In the technique scheme, (a) prepare in the step 1The time, the carbochain number is 10~18 lipid acid, thionyl chloride and N, the mol ratio of dinethylformamide is preferably 1: 1.2~and 2.0: 0.05~0.1; Preparation 2The time solvent be 1; It is 4~5 times of 2~6 diamines quality that 4-dioxane, consumption are preferably the carbochain number, the carbochain number be the mol ratio of 2~6 diamines and TEB 3K be preferably 1: 2.2~3.0; Temperature of reaction is preferably 50~60 ℃, and the reaction times is preferably 3~4 hours; Preparation 3The time, the carbochain number is that the mol ratio that 10~18 fat acyl chloride and carbochain number are 2~6 diamines dimethylated methyl propionates is preferably 2.0~2.2: 1, and temperature of reaction is preferably 60~70 ℃, and the reaction times is preferably 3~4 hours; Preparation N, when the two carbochain numbers of N-were 10~18 fatty acyl group diamines neopentanoic acids, it was 6~8 times of 2~6 diamines quality that amount of ethanol is preferably the carbochain number, the reaction times is preferably 3~5 hours.(b) N, the two carbochain numbers of N-be 10~18 fatty acyl group diamines neopentanoic acids and oxyethane mol ratio be preferably 1: 6~12, catalyst levels is preferably N, N-pair of carbochain numbers are 1.0~3.0% of 10~18 fatty acyl group diamines neopentanoic acid quality.(c) N in the step; The two carbochain numbers of N-be the mol ratio of 10~18 fatty acyl group diamines neopentanoic acids, two polyoxy Vinyl Ethers, 3-chloro-2-hydroxypropionate sodium, sodium hydroxide (Pottasium Hydroxide) and Tetrabutyl amonium bromide be preferably 1: 2.5~5.5: 3~7: 0.1~0.2; Temperature of reaction is preferably 70~110 ℃, and the reaction times is preferably 5~12 hours.
The N of the present invention's preparation; The two fatty acyl group diamines neopentanoic acid two polyoxy Vinyl Ether disulfonates of N-; Owing to contain aerobic ethene non-ionic group and azochlorosulfonate acid anion group simultaneously in its molecular structure; Make the salt tolerant advantage of its heat resistance that has AS concurrently and nonionogenic tenside; And symmetric Shuangzi constitutional features, make again its have micelle-forming concentration low, reduce strong, anti-high salinity of IT ability and characteristics such as particular rheological properties and visco-elasticity-viscosifying action, have more good performance than conventional surfactant.Do not contain aromatic ring structure in its molecule in addition, be easier to biological degradation, therefore less to the harm of human body and environment, be a kind of green surfactant that is suitable for the used for tertiary oil recovery of high temperature and high salt oil deposit.
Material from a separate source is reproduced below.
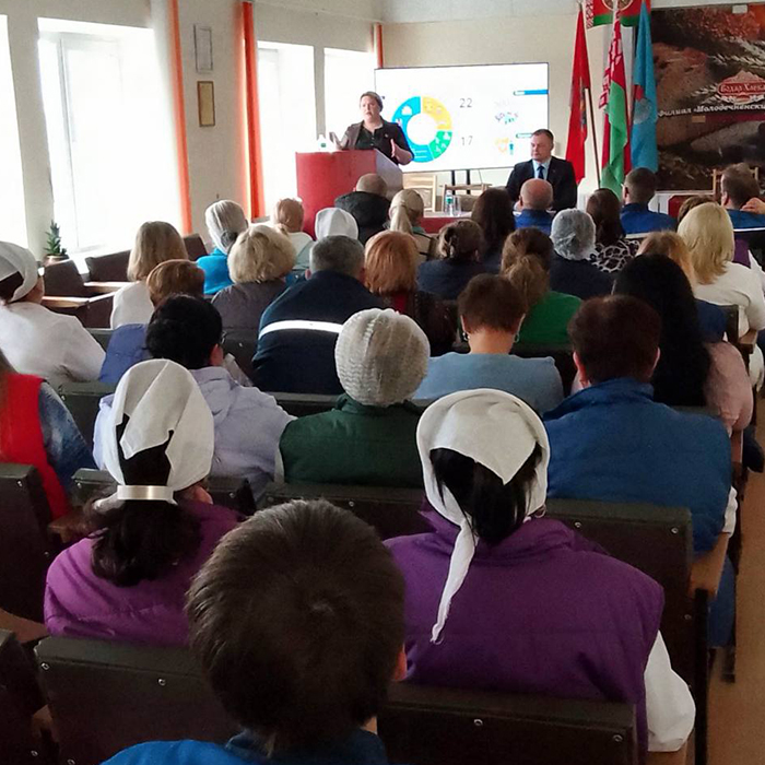 Председатель ППО Молодечненской ЦРБ Андрей Средов выступил перед сотрудниками кожно-венерологического диспансера, председатель Хожовского сельисполкома Александр Матецкий — перед коллективом гимназии-колледжа искусств г.Молодечно, а целевой аудиторией директора государственного учреждения образования «Социально-педагогический центр Молодечненского района» Валентины Хома стал коллектив филиал «Молодечненский хлебозавод»..jpg)

Adopt the N of the present invention's preparation; The two fatty acyl group diamines neopentanoic acid two polyoxy Vinyl Ether disulfonates of N-; With consumption is that the temperature resistant antisalt polymkeric substance of 0.1~0.3wt% and 0.1~0.2wt% (forms with acrylic amide, 2-acrylamido-2-methyl propane sulfonic acid, 2-acrylamido dodecyl sodium sulfonate and four kinds of monomer copolymerizations of allyl group oleyl ether; Its molar percentage is 76: 18: 5: 1) form the displacement of reservoir oil and use compsn; Under the alkali-free condition, can be used for FT and be 85 ℃, salinity 16000~32000 mg/litre, Ca 2+, Mg 2+The Shengli Oil Field that is 450~890 mg/litre wins Tuo Er district's local water and crude oil, has measured this oil-displacing agent aqueous solution and Shengli Oil Field and has won the dynamic interface tension value between the Tuo Er district crude oil, can reach 10 -3~10 -4The ultra low interfacial tension of mN/m; Can on the water drive basis, can reach 16.5% by (water drive improves oil recovery factor and reaches 40.9%) raising oil recovery factor through the indoor evaluation of physical simulation displacement test at this oil-displacing agent on high temperature, the high salinity reservoir, obtain better technical effect.
Description of drawings
Fig. 1 is N, the infrared spectrogram of the two fatty acyl group diamines neopentanoic acids of N-.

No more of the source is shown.